To burn off pent-up energy from living in the confines of one room with his mom, her 13-year-old son, Billy, hit the pool almost every day and helped guests carry bags in from the parking lot.

Judy and Billy are in an apartment now. There’s less swimming but a lot more privacy. She’s still piecing together the bits of their former life in Waveland, Miss., and finds it galling that, six months after the hurricane, some people assume it’s old news.

“People I talk to get me so upset. It isn’t over for me. Don’t tell me to forget about it,” she said. “People have just put it out of their minds. It’s not going to be normal for another 10 years.”

Judy and her daughter, Crystal Spaulding, both lost apartments in Waveland, a few blocks from the beach, to Katrina. Neither had renter’s insurance. Both are still waiting for property claims filed with the Federal Emergency Management Agency. They’re living on FEMA rental assistance in side-by-side units.

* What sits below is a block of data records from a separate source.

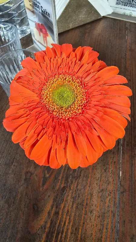 테이블 위에 놓인 홈메이드 콩포트와 붉은 꽃 한 송이가 조화롭게 어우러져, 시각적인 즐거움을 더한다.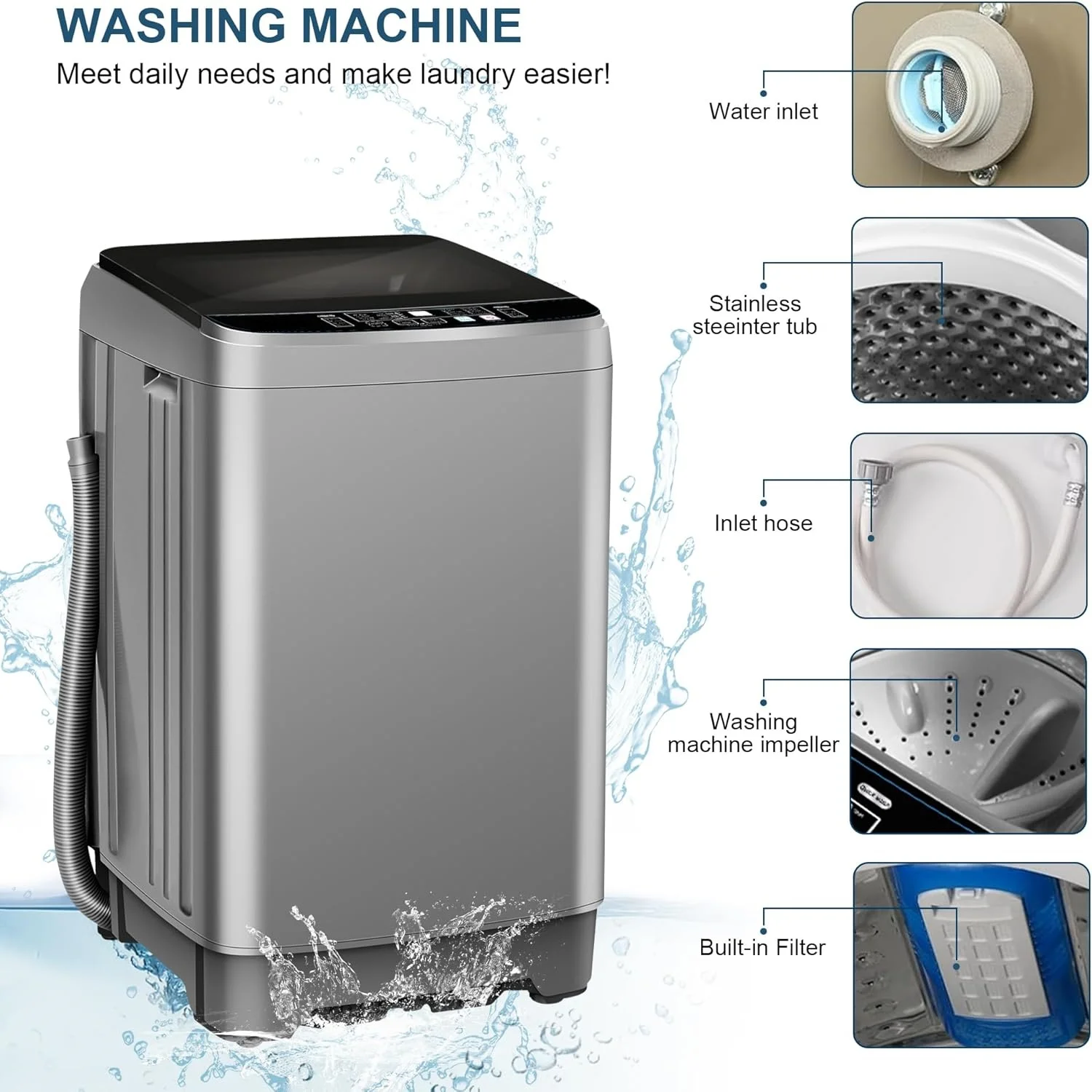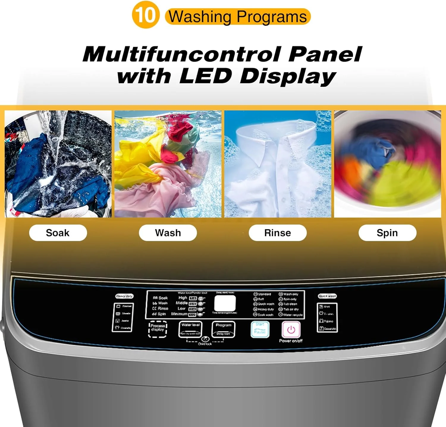 - ??��Simple Operation��This portable washing machine is a fully automatic washing system with a simple built-in control panel. You can easily find the appropriate washing function for your clothes without spending a lot of your time. Meanwhile, the grey washing machine is equipped with an advanced drain pump, which quickly and efficiently removes water after each wash. The tub self-cleaning function makes your laundry environment healthier. It's easy to store and requires little assembly.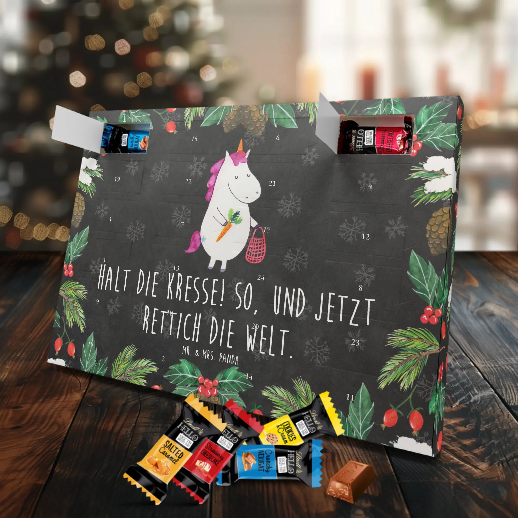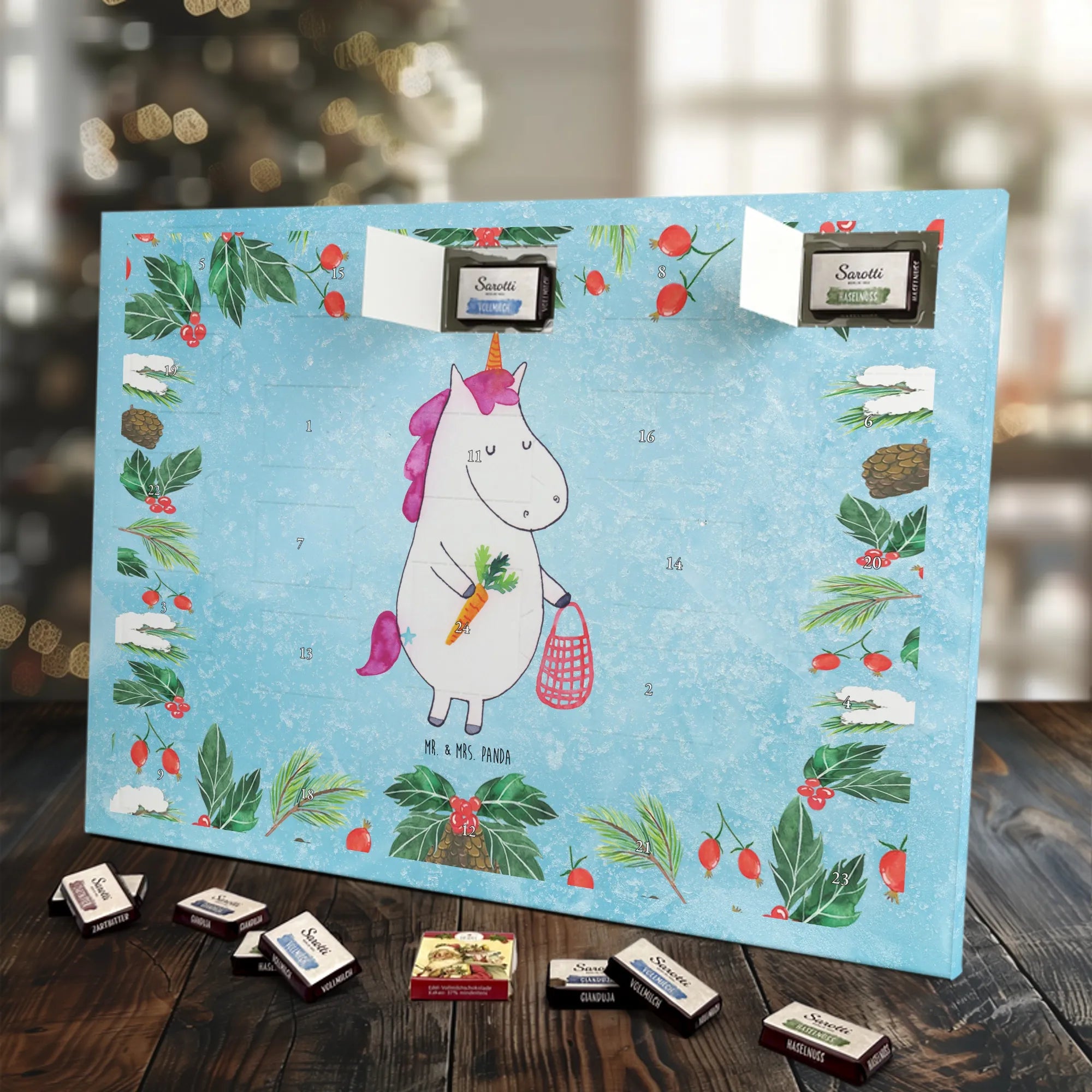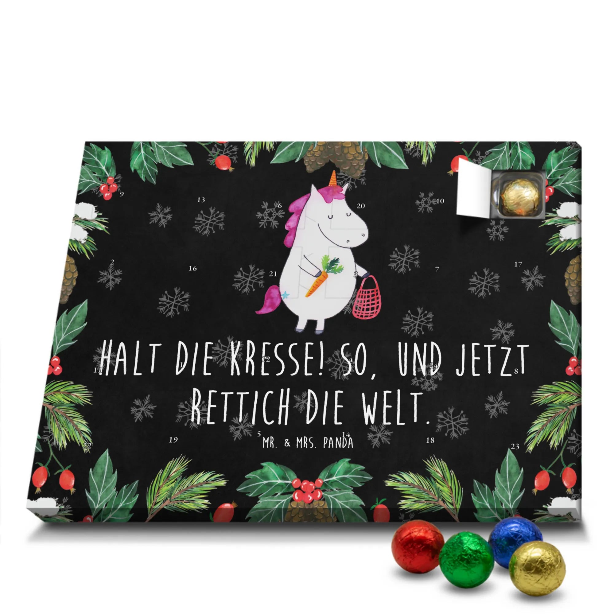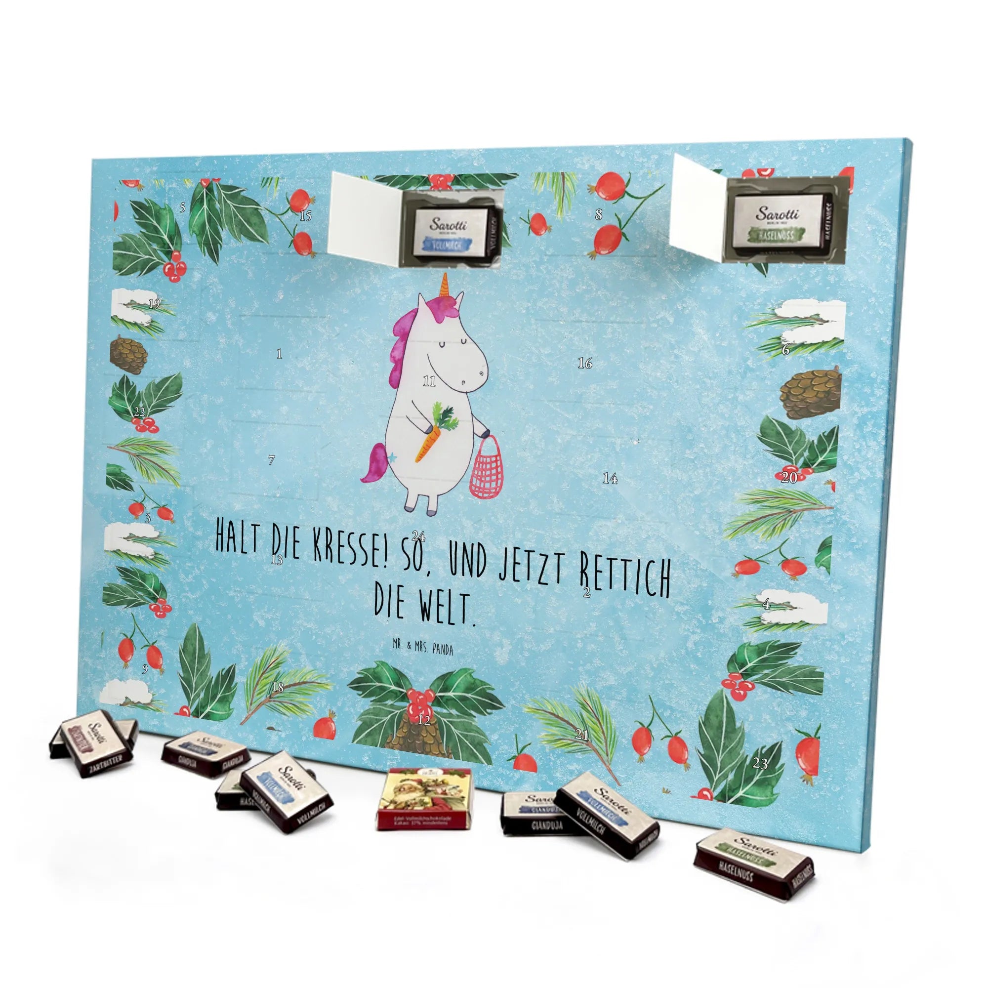Chocolate advent calendar unicorn Vegetables - Classic - with saying - Ice Blue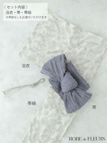 上品なレースデザイン♪ 【浴衣】【ROBEdeFLEURS/ローブドフルール】ビジュー ガーリー フラワー刺繍 レース 選べる2点or3点SET [浴衣+兵児帯+帯紐or帯紐なし] (fm4220)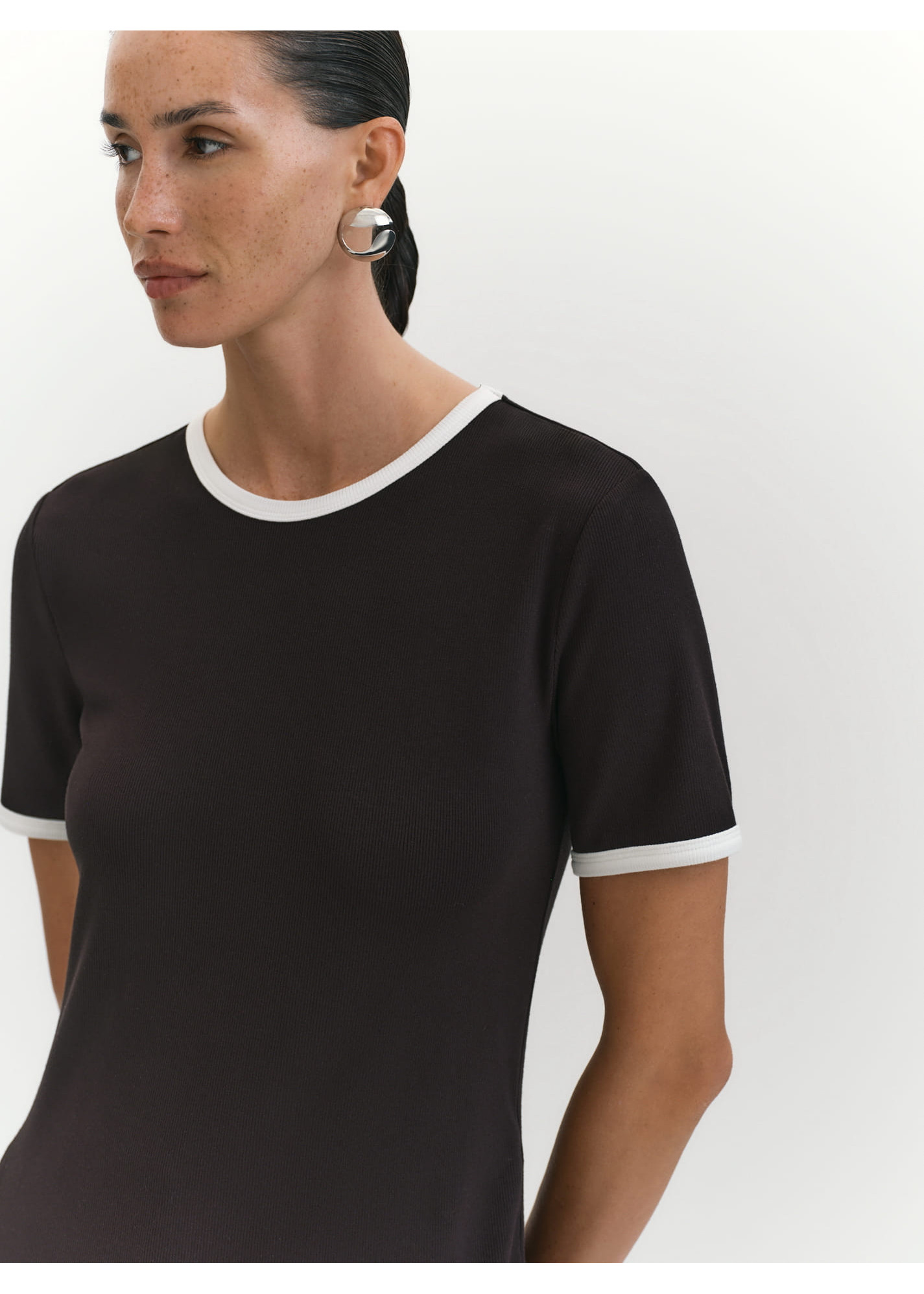 Прилегающая футболка с коротким рукавом зайдет в гардероб как базовая, как единственный слой, и в качестве первого под жакеты и кардиганы. Модель выполнена из трикотажа рибана с высоким тактильным качеством, тонкого, но плотного. Это полотно износостойкое и эластичное. Такая модель в базовом черном цвете создает основу образа и не зависит от сезонов и трендов, контрастный кант футболки достойно завершит образ.

Crystal, 21, moved here to be with her mother in November. She and her boyfriend, who just got a job at Formed Fibre Technologies, share a car.

Little things like having a baby shower remind her how far away she is from people who made home feel like home.

“I don’t know anybody, and I feel like I get stuck inside all day,” Crystal said. “The highlight of my day is I get to go to Wal-Mart or the doctor’s.”

She’s picked August to go back. The baby will be 3 months. Crystal won’t live within 50 miles of the coast again.

Judy misses home, but she isn’t sure she can go back. Her health isn’t good.

“It was fun to see Billy with his first snow, though,” she said. He tried scooping it up to make a snowman. She had to teach him about rolling snowballs.